Depreciable property is the furniture, computers, vehicles and such whish gets treated as a gain or loss, based on the current value. This value is almost always lower than what the seller originally purchased it for. If you held the depreciable property for longer than one year before you sold it, then your tax rate will be considerably less than if you held the property for under a year. The current value versus the purchase price will be what decides the tax rate in this situation. Depreciation recapture is the term used to describe the amount of profit you made from selling the depreciable property.

Inventory sales is not relevant to property management companies and most service businesses.

 

One Way To Close a Deal Tax-Free

Property management sellers want to pay as little tax as possible. Is it possible to avoid paying taxes altogether?  Yes and no. If you put cash in your pocket upon the sale of the company, you’re going to get taxed. But there are a few ways to close your deal on a tax-free basis.

One way is with stock exchanges. If a buyer has his own corporation and offers his company stock in exchange for stock in your company, it could qualify. As long as certain IRS provisions are met which pertain to a reorganization, you can conduct a stock exchange like this and not have to pay any taxes at closing.

The IRS states that the seller must receive 50%-100% of the buyer’s stock in order for it to be tax-free. As for asset transfers, you can make these tax-free as well if you receive 100% of the buyer’s stock. The only time you will be taxed is if the buyer gave you actual cash for your stock or assets. Otherwise, you can get away with a tax-free transaction by simply keeping it as an exchange of non-cash assets.

 

The benefit of seller financing

Business sellers love all-cash offers. Because property management is a highly-desirable category in business sales, all-cash deals are very achievable. But more often than not, buyers are not willing to pony up 100% cash to close the transaction.

Seller financing allows an owner to achieve a higher price by deferring payments from the buyer. The buyer makes monthly payments for 3, 5 or 7 years typically, with an interest rate added onto the monthly premiums. SBA lenders and local banks usually require some amount of seller financing in order to underwrite their loan. A seller carry note is usually the best way to bridge the gap in price expectations between a seller and buyer. It’s also seen as a way for the outgoing owner to still have skin in the game and actively assist the new owner in a successful transition.

Many sellers struggle with incurring this risk. What if the new guy makes a mess of things? Loses many of my clients or employees? If the business goes south and the buyer defaults, there is a chance you could lose your business and the money still owed on the note.

On the favorable side, the nature of PM’s recurring revenues and contracted fees makes this, thankfully, pretty uncommon.

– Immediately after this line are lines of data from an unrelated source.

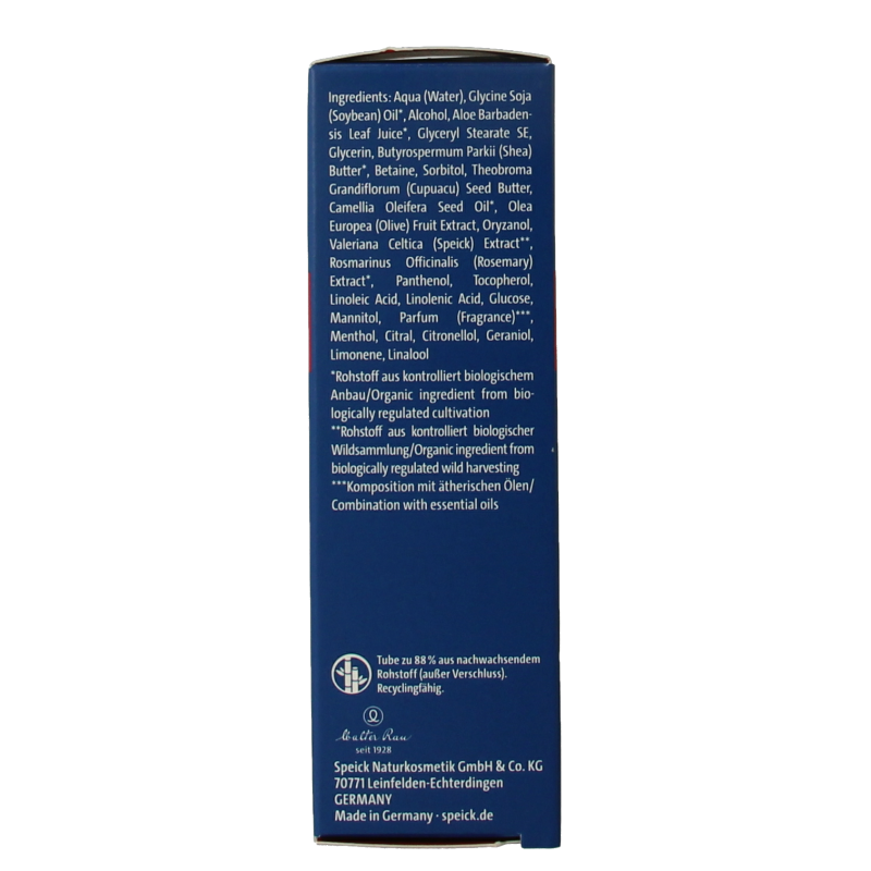 Aqua (Water), Glycine Soja (Soybean) Oil, Alcohol, Aloe Barbadensis Leaf Juice, Glyceryl Stearate SE, Glycerin, Butyrospermum Parkii (Shea) Butter, Betaine, Sorbitol, Theobroma Grandiflorum (Cupuacu) Seed Butter, Camellia Oleifera Seed Oil, Olea Europaea (Olive) Fruit Extract, Oryzanol, Valeriana Celtica (Speick) Extract, Rosmarinus Officinalis (Rosemary) Leaf Extract, Panthenol, Tocopherol, Linoleic Acid, Linolenic Acid, Glucose, Mannitol, Parfum (Fragrance), Menthol, Citral, Citronellol, Geraniol, Limonene, Linalool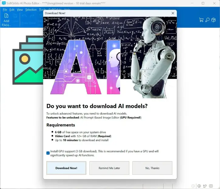 Note: SoftOrbits AI Photo Editor supports Windows 11, 10, 8 and 7 (64-bit/32-bit). This is a lifetime free license for version 10 and the promotion will expire soon.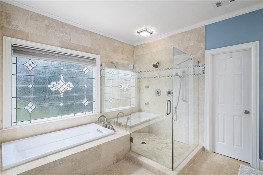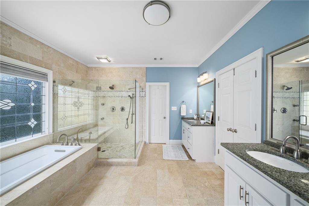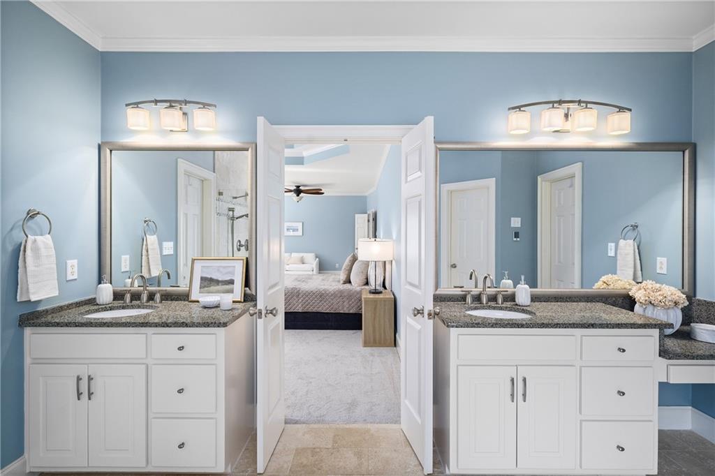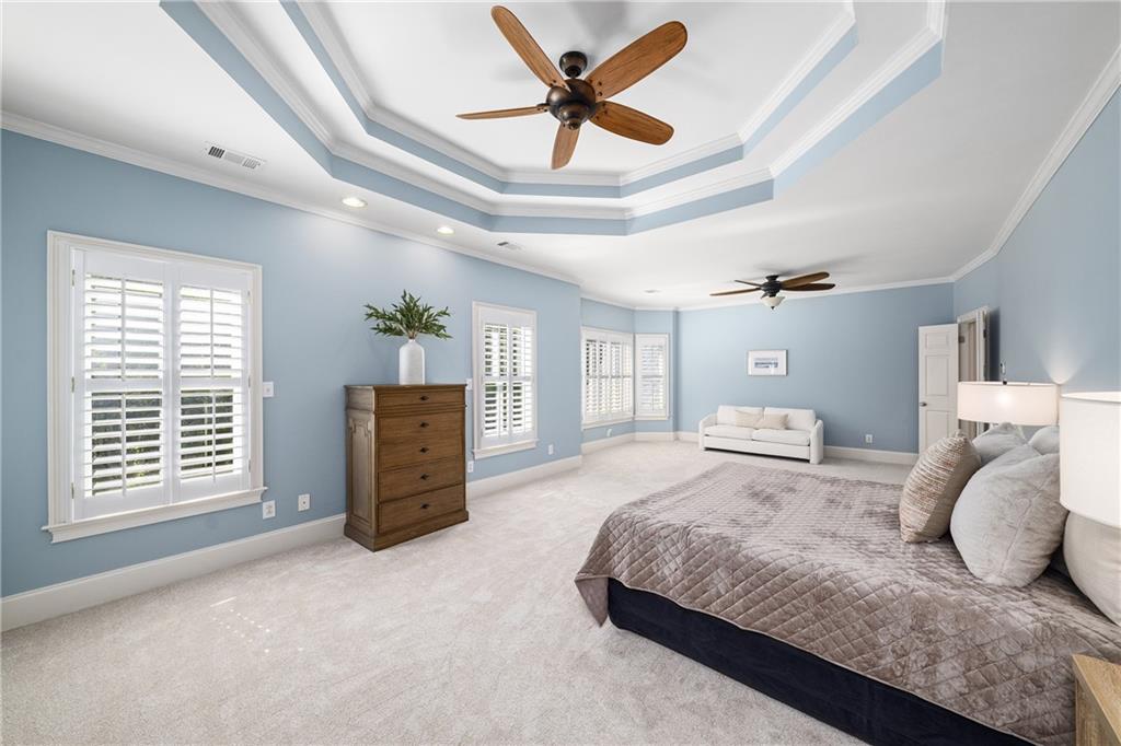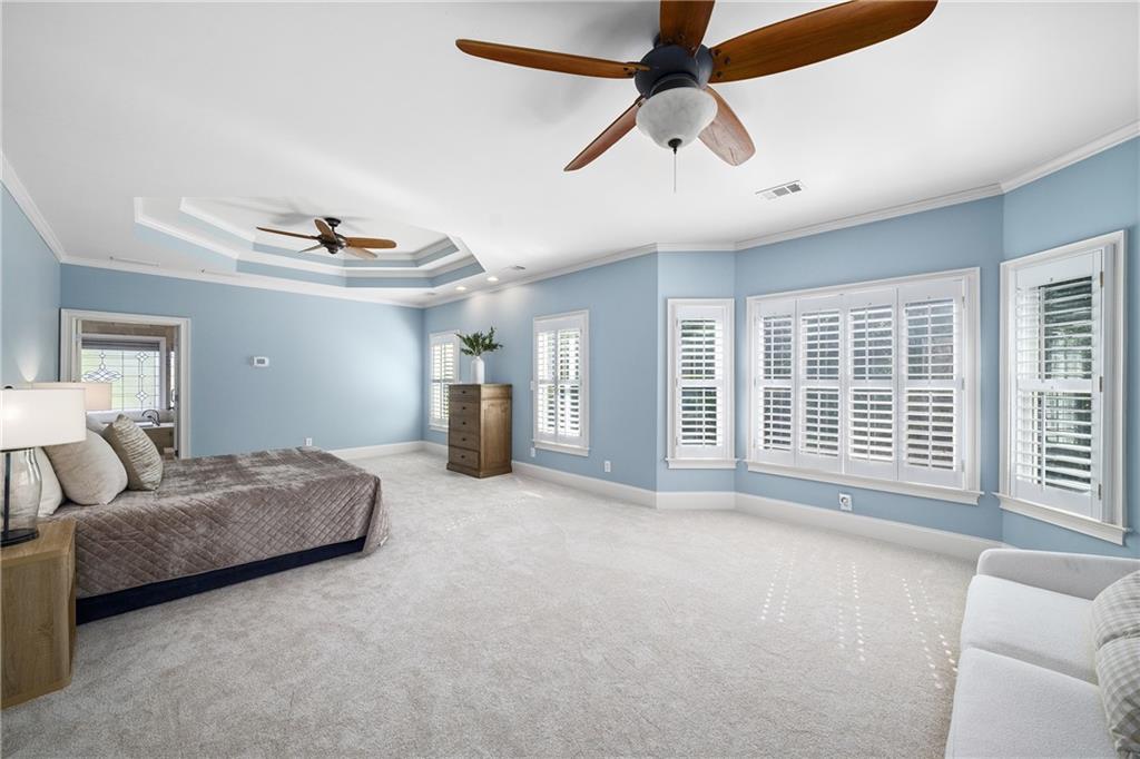 Upstairs, the primary suite offers a spacious retreat with a double-tray ceiling, a sitting area and plantation shutters. The en suite bathroom features dual vanities (one with a makeup station), a soaking bathtub, a frameless glass shower with dual temperature controls and multiple showerheads, plus a walk-in closet and private water closet. Two additional bedrooms share a well-appointed bathroom.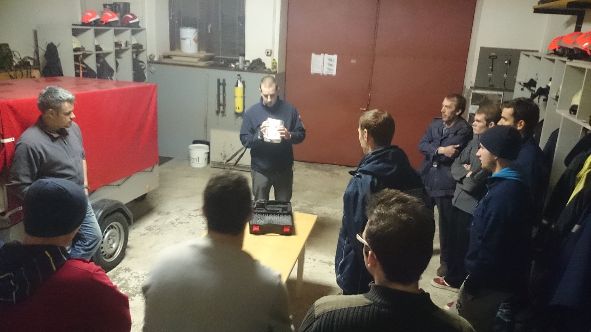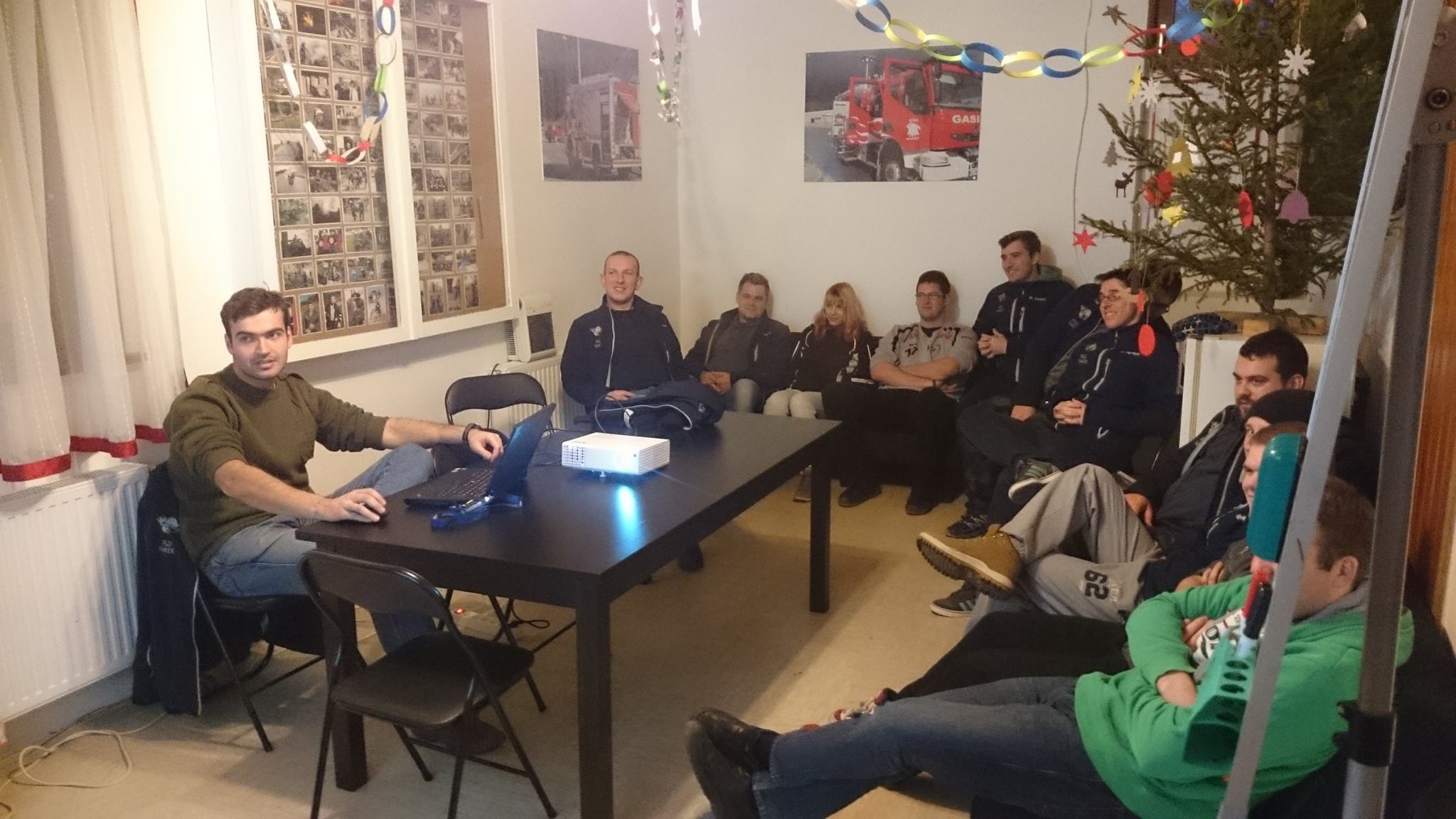Prve usposabljanje v letu 2015 je bilo predavanje na temo dimniških požarov in predstavitev termo kamere. Na prvem delu se je preko predavanja spoznalo sestavo dimnika, vzroke za nastanek dimniških požarov, znake dimniškega požara, nevarnosti in ukrepe ob gašenju, postopke gašenja in opremo za gašenje dimniških požarov. Poudarek predavanja je bil na postopku posredovanja, saj se dimniški požar smatra kot požar v stanovanjskem objektu, posledično se vsak poziv vzame kot zelo resna zadeva in je potrebno izvoziti z ustrezno tehniko in gasilci. Za konec prvega dela je sledila predstavitev opreme, katero imamo v GVC 16-25 za potrebe gašenja dimniških požarov. V drugem delu usposabljanja pa je sledila predstavitev termo kamere in delo z njo, katero je izvedel gasilec iz PGD Cerknica. Predstavljeno je bilo delovanje in njene lastnosti, nato pa je imel vsak možnost preizkusiti termo kamero.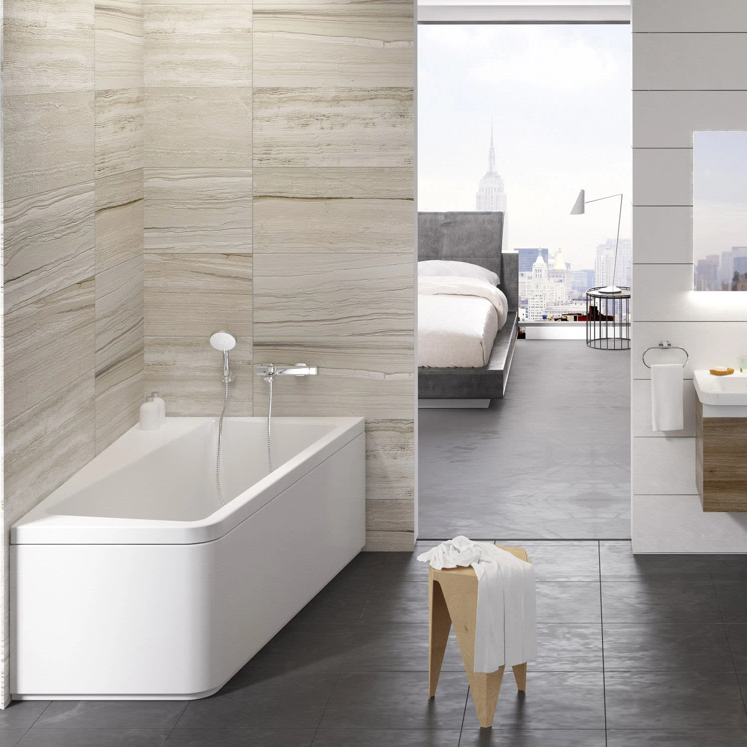 Um mehr nutzbare Fläche, etwa für Ablageflächen oder einen Duschsitz zu erhalten, reicht es, die klassische Badewannenform um gerade mal 10° zu drehen.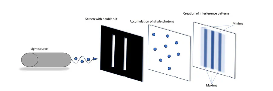 量子是现实的基本构件,微小的量子物体,如电子、光子,以及在特定条件下甚至整个原子。独特的是,它们既可以表现为离散的粒子,也可以表现为行进的波,这种现象被称为波粒二象性。这个悖论在著名的双缝实验中得到展示。
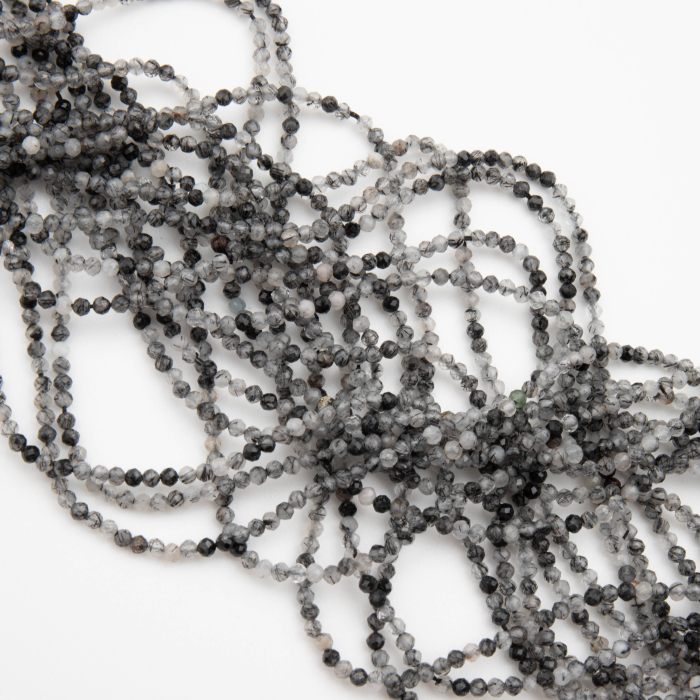 Kryształ górski z czarnym rutylem kulka fasetowana 2mm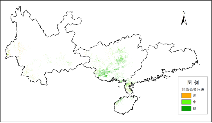 圖1 2018年11月上旬我國甘蔗長勢遙感監(jiān)測圖(FY-3B)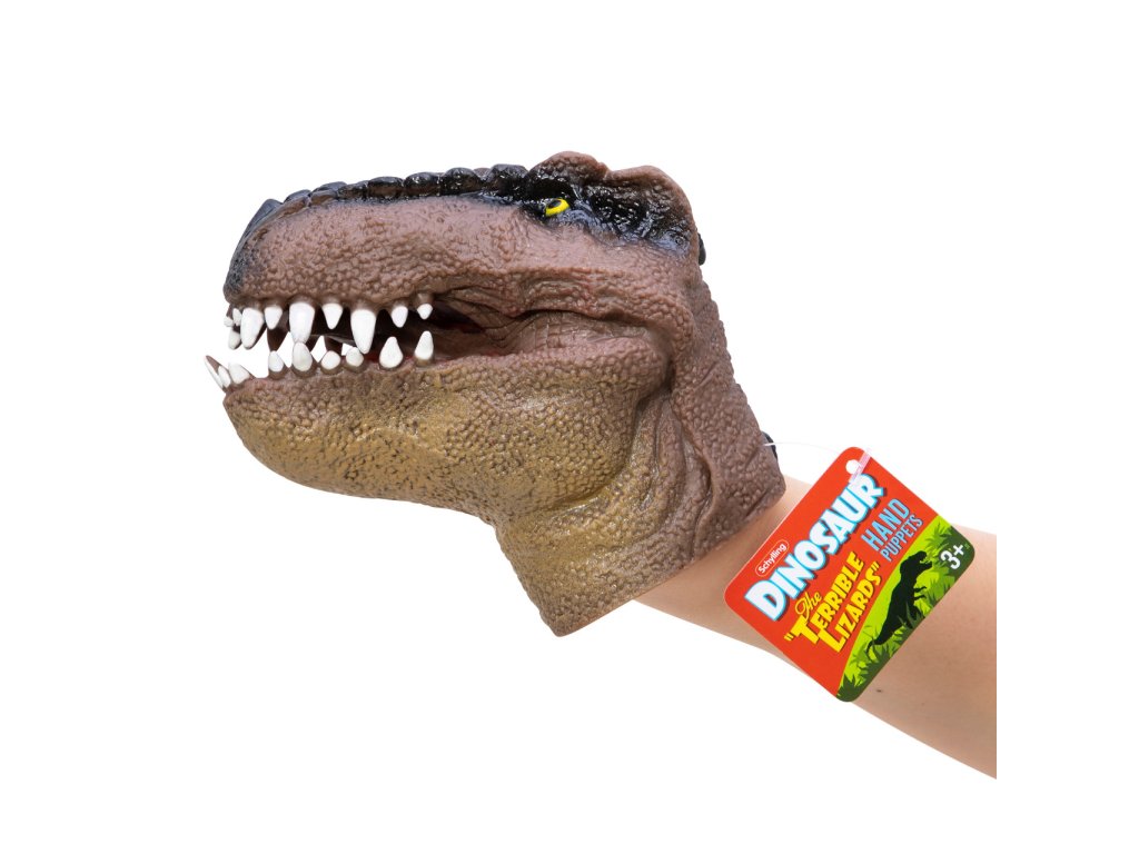 Cena je uvedena za 1 ks. Hrozivá rána. Voda se vlní. Země se třese. To je Tyrannosaurus Rex! Zahrajte si své vlastní divadlo s maňáskem dinosaura. Vyrobeno z kvalitní netoxické pružné pryže, k dispozici jsou tři druhy Tyrannosaurus Rex (zelený, červený a hnědý). Pružný materiál znamená, že ho lze tvarovat do nejrůznějších veselých, děsivých a zábavných výrazů, což dodává těmto dinosaurům skutečný vzhled a pocit. Tito jedineční ruční maňásci pro děti jsou perfektním dárkem pro mladé milovníky dinosaurů, ale jsou také ideální pro školy, párty, speciální potřeby, propagační akce a mnoho dalšího. Jsou dokonce užitečné pro učitele, kteří je mají ve třídě, aby mohli učit lekce o jurské době. Hlavní vlastnosti: podporuje motoriku, kreativitu a smyslové vnímánív barvě zelené, červené nebo hnědézábava pro celou rodinujedna velikostDoplňkové parametry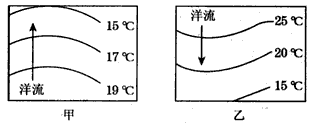 2、单选题 下图中,甲、乙两图分别表示两股洋流和海水表面温度分布。其中正确的叙述是
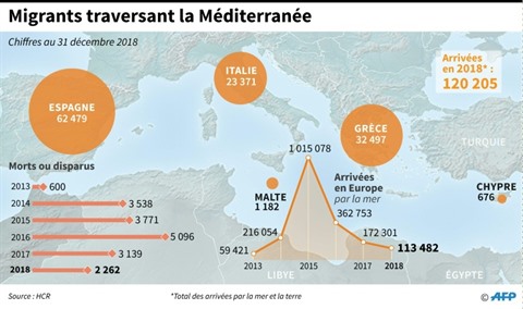 Un total de 2.262 migrants sont "morts ou portés disparus" en tentant de traverser la Méditerranée en 2018, contre 3.139 l'année précédente, selon les chiffres publiés par le Haut commissariat de l'ONU aux réfugiés (HCR) sur son site internet.

In a worst case of a default or BK, the seller can defer all taxes on the monthly payments until they’ve landed. You only pay taxes on the money the buyer has already paid you. Not only that, you get to retain ownership of your company while keeping the money the buyer already paid you.

This outcome can be great as long as the company has not lost a lot of its income potential. These are serious considerations you need to make before you offer seller financing to a buyer. But if you are just selling some of your assets through seller financing while retaining stock ownership of the company, then it may be a less risky transaction for you.

 

This post intended for informational purposes only. It is not intended to constitute legal, tax or investment advice. There is no guarantee that any claims made are accurate or will come to pass. ManageVisors does not warrant the accuracy of the information. Consult a financial, tax or legal professional for specific information related to your own situation.